The following Gantt chart illustrates the estimated timeline for the completion of different tasks required for successful completion of this project. It starts from the third week of December 2013 and ends in first week of April 2014.

In light of the estimated timeline of the project, some major benchmarks have been selected for this project. These benchmarks or milestones include:

  1. Completion of research,

  2. Completion of feasible plan,

  3. Collection of data regarding the guidelines for students,

  4. Collection of data regarding the assessment guidelines for teachers,

  5. Arrangement and compilation of data in booklet form,

  6. Review and editing of the booklets,

  7. Printing and distribution of booklets,

Progress to Date

To date, the research and planning tasks of this project have been completed. The plan has also provided the basis for efficient and timely completion of the tasks identified for the completion of the project. The major benchmarks have been identified and these benchmarks will facilitate the evaluation of the progress in the project according to the given timeline.

Discussion and Conclusion

The plan for borescope training program package has been provided. The discussion of borescope inspection and it significance in aircraft maintenance provided sound justification for the topic, aims and objectives of this project. The main aim of the project is to assist students in gaining detailed understanding of the working of borescope and steps involved in efficient inspection. The deliverables of the project are identified as two booklets containing guidelines for students regarding the practical use of borescope and for teachers regarding the assessment of students in borescope training programs. The limitation of this program is that it only deals with the borescope inspection of turbine section and combustion chamber of the engine. It does not provide information and guidelines to apply borescope inspection on other parts of the engine. 

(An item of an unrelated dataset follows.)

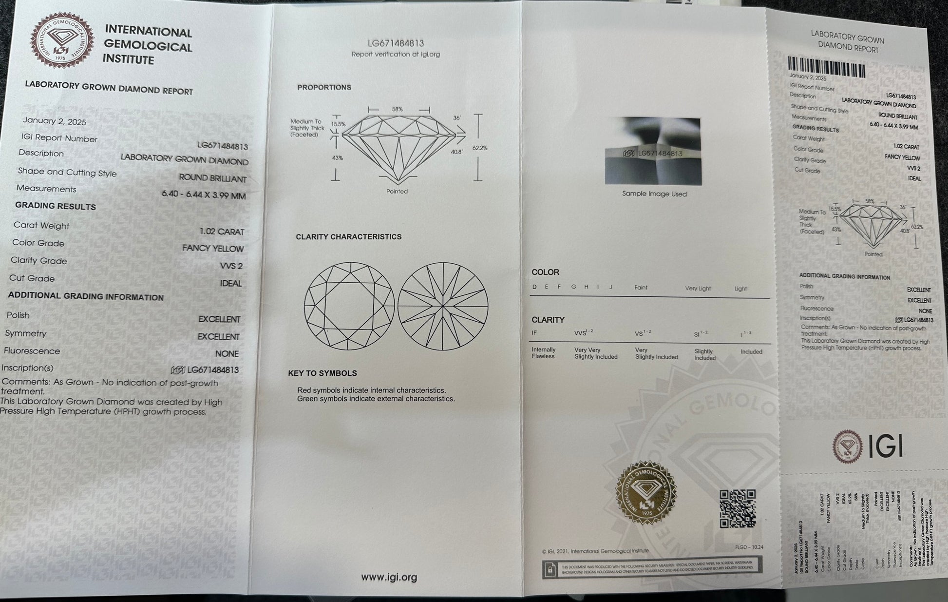 HPHT Lab Grown Yellow Color Diamonds Round Shape 0.5ct~5.0ct VVS/VS With IGI Certificate

Drury, C. G. and Sarac, A., 1997, A design aid for improved documentation in aircraft maintenance. Proceedings of the 41st Annual Human Factors and Ergonomics Society Meeting, Albuquerque, NM, pp.1158-1162.

Drury, C. G., 2002. Visual Inspection Reliability; what we know and why we need to know it. 16th Human Factors in Aviation Maintenance Symposium, pp.2-4.

Federal Aviation Administration, 2008. Aviation Maintenance Technician Handbook. Indomitable Publications.

Griffioen, H., 2011. Air Crash Investigations: LOST PROPELLER BLADE KILLS 8, the Crash of Atlantic Southeast Airlines Flight 529. press.

Rao, B. K. N., 1996. Handbook of Condition Monitoring. New York: Elsevier.

Reasons, J. J. and Hobbs, A., 2003. Managing Maintenance Error: A Practical Guide. Ashgate Publishing, Ltd.

Spencer, F. and Schurman, D., 1995, Reliability Assessment at Airline Inspection Facilities. Volume III: Results of an Eddy Current Inspection Reliability Experiment, DOT/FAA/CT-92/12, Atlantic City, FAA Technical Center.

Williams, A., 2009. Contemporary Issues Shaping China’s Civil Aviation Policy: Balancing International with Domestic Priorities. Ashgate Publishing, Ltd.